Similarly, he poses the question about the phases of the moon if it were a cube instead of a sphere. Well, this has complications. I doubt the face of the moon would appear to be a square, as my understanding of orbital mechanics suggests that it'd be a corner facing the earth instead of a square side (assuming it would stay tidally locked). But even assuming we got a cubic face, then there are still the problems of inclined orbits and libration. Finally, he poses the question right at the precise moment between when such a side would emerge from the shadow and become lit -- so therefore it's impossible to say whether the side would be dark or lit. It's stupid reasoning about this -- it's something that ought to be observed -- if only with a computer model. I guess the thing you ought to learn is that the entire face of the cube is either all light or all dark, unlike a sphere which gets partially lit

That WIRED writer says science is not about knowing the difference between a "planet" and a "dwarf planet" like Pluto. He's wrong. Pluto is much smaller than the 8 planets. Whereas the 8 planets have nearly circular orbits in the same plane, Pluto has a highly elliptical orbit that takes it sometimes inside the orbit of Neptune and far above the orbital plane of the other planets. Moreover, in recent years, we have observed many other Pluto-sized objects that share these same characteristics with Pluto (like "Eris", which is more massive than Pluto). Yes, the names that we give these things don't matter, but the observed differences matter a heck of a lot. Science is about knowing these observations. That we teach students the names of planets, but not what what we observe about them, is a travesty that leads to illiteracy.

Science is sadly politicized, such as with issues like Climate-Change/Global-Warming. We are expected to believe Science as some sort of religion, where the common people are unable to read the Latin Bible. We are not expected to understand things like "absorption spectra" or "thermal infrared".  To point out that scientific observations have shown that hurricanes haven't, in fact, gotten worse is considered heresy, because it denies computer models that claim hurricanes will get worse. Climate change is a problem we need to address, but with science rather than current scientific illiteracy and quasi-religious dogma.

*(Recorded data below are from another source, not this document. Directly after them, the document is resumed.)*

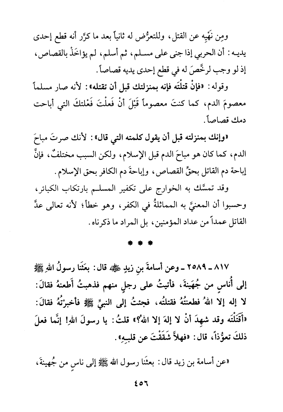817 - 2589 - وعن أسامة بن زيد رضي الله عنه قال: بعثنا رسول الله صلى الله عليه وسلم إلى أناس من جهينة, فأتيت على رجل منهم فذهبت أطعنه فقال: لا إله إلا الله فطعنته فقتلته, فجئت إلى النبي صلى الله عليه وسلم فأخبرته فقال: " أقتلته وقد شهد أن لا إله إلا الله؟ " قلت: يا رسول الله! إنما فعل ذلك تعوذا, قال: " فهلا شققت عن قلبه ".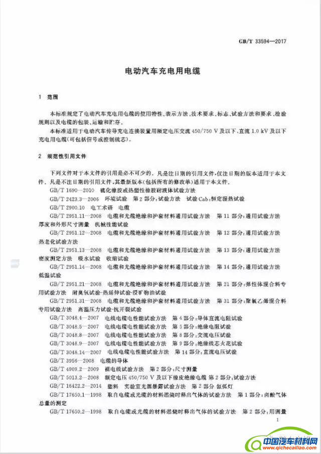 终于发布了!标准规定了电动汽车充电用电缆的使用特性、表示方法、技术要求、标志、试验方法和要求、检验规则以及电缆的包装、运输和贮存,将充电桩电缆纳入一个标准的体系中来,既能够让生产制造企业有统一的标准作为参考,也可以为质量安全保驾护航,为促进电动汽车充电设施发展提供了重要的技术支撑。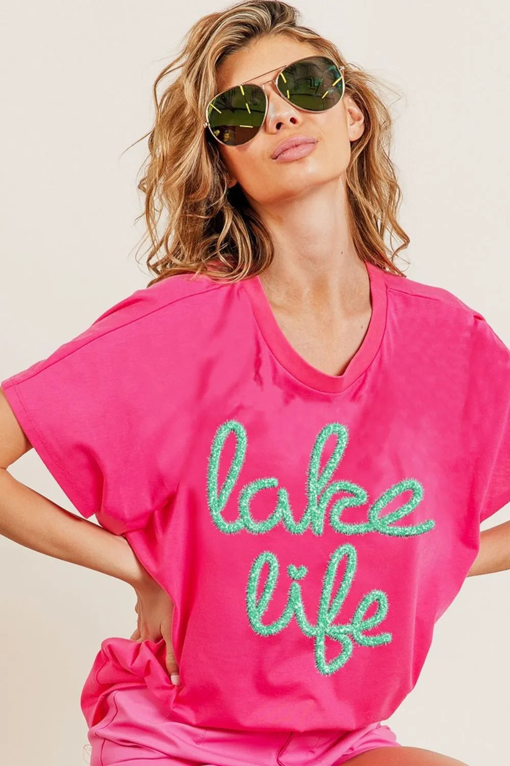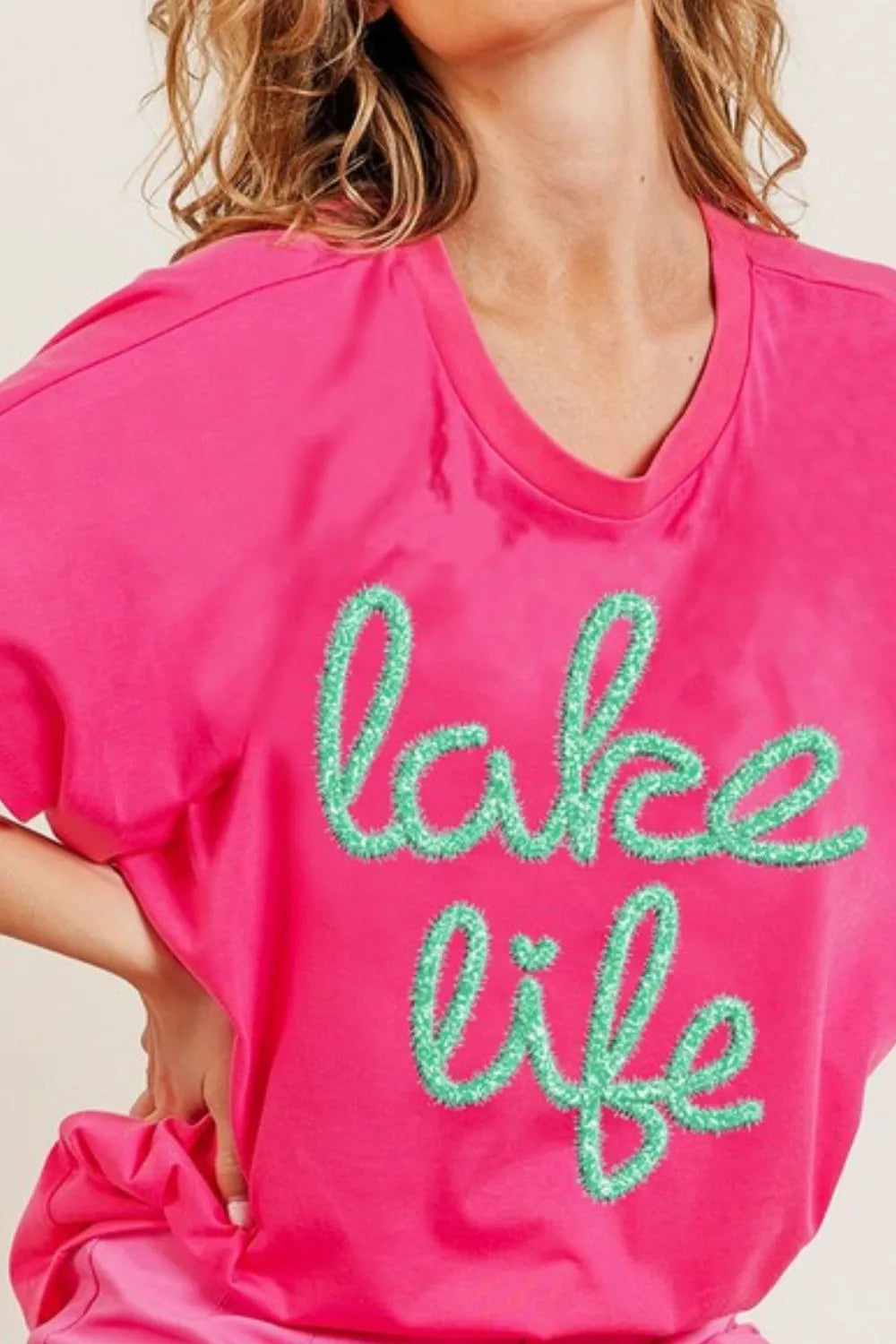 BiBi Metallic Letter Short Dolman Sleeve Top - FUCHSIA / S está agotado y se enviará tan pronto como vuelva a estar disponible.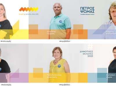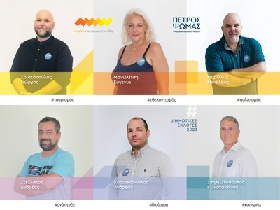 Λίγες ώρες πριν την επίσημη ανακήρυξη των συνδυασμών, που θα λάβουν μέρος στις δημοτικές εκλογές του Οκτωβρίου, ο υποψήφιος Δήμαρχος Πέτρος Ψωμάς παρουσιάζει 12 ακόμα πρόσωπα που συμμετέχουν στο ψηφοδέλτιο της δημοτικής παράταξης σπιράλ.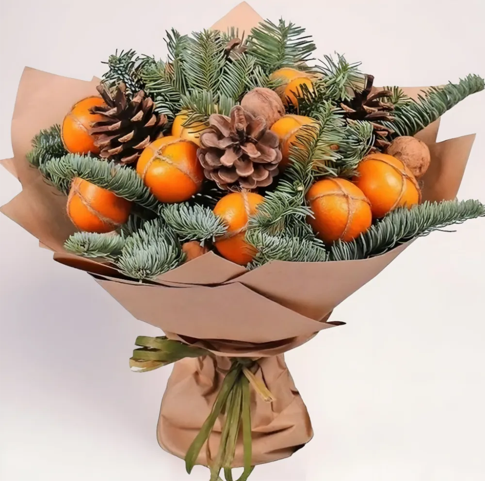 Новогодний букет «Зимний аромат» — стильный праздничный букет с выраженным зимним настроением. Композиция собрана на основе хвои с добавлением мандаринов, шишек и декоративных природных элементов. Букет выглядит объёмно, натурально и ассоциируется с уютом новогодних праздников.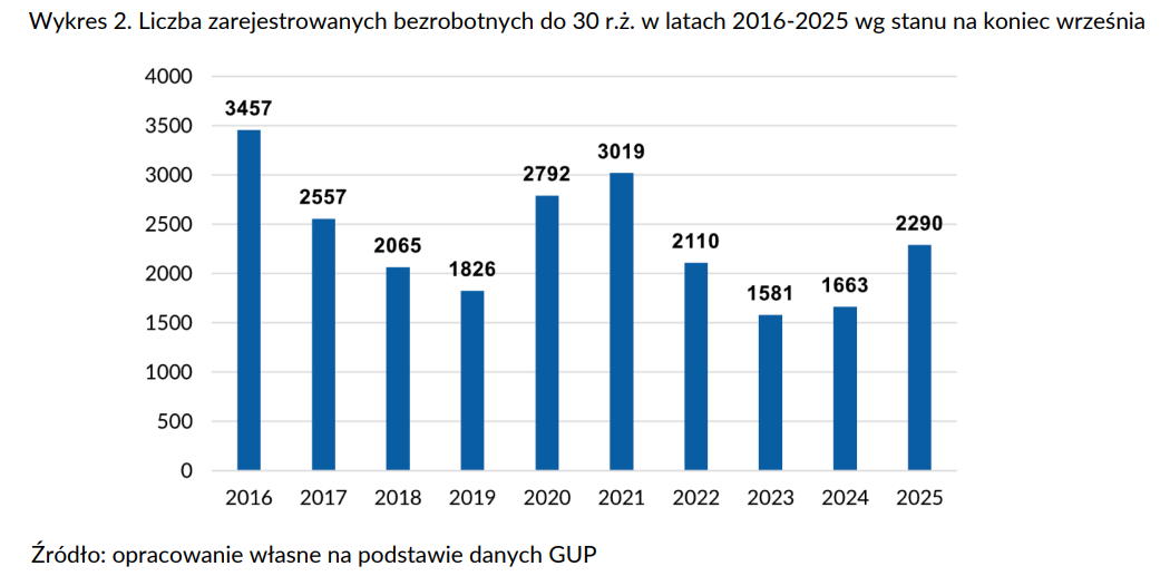 Niemal 2,3 tys. osób do 30. roku życia było zarejestrowanych jako bezrobotne w Krakowie na koniec III kwartału 2025 r. To o prawie 40 proc. więcej niż rok wcześniej – wynika z najnowszego raportu Grodzkiego Urzędu Pracy.

Scientific literacy starts with understanding what science is, namely that it's based on observation, coming up with theories/hypotheses to explain the observations, then relentlessly testing those theories, trying to prove them wrong. Secondly, scientific literacy means learning the observations made by scientists over the last few hundred years. We don't have to come up with F=MA or the speed-of-light ourselves, but learn from previous scientists. Believing in Evolution doesn't make you scientifically literate, understanding radioisotope dating and rock strata does.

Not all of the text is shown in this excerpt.